*Exercise*: Print the records below exactly, from the line containing "新安银行调整利率的通知。调整" down to the line containing "Oh, cómo han", both lines included, and omit every picture.

*Data shown*:
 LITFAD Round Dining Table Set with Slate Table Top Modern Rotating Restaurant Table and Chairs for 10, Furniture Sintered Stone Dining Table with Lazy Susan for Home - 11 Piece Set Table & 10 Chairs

---

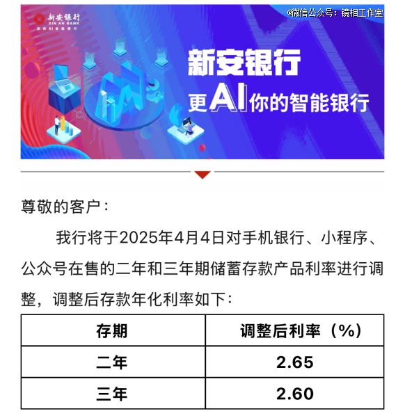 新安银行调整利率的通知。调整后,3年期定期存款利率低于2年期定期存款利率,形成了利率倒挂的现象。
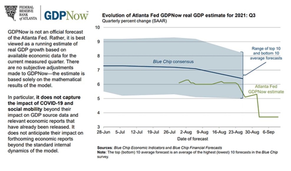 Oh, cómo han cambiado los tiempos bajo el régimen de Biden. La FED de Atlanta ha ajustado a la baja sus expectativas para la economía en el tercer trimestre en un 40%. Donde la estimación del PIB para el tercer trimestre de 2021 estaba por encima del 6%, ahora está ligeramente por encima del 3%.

*Exercise output*:
 新安银行调整利率的通知。调整后,3年期定期存款利率低于2年期定期存款利率,形成了利率倒挂的现象。
 Oh, cómo han cambiado los tiempos bajo el régimen de Biden. La FED de Atlanta ha ajustado a la baja sus expectativas para la economía en el tercer trimestre en un 40%. Donde la estimación del PIB para el tercer trimestre de 2021 estaba por encima del 6%, ahora está ligeramente por encima del 3%.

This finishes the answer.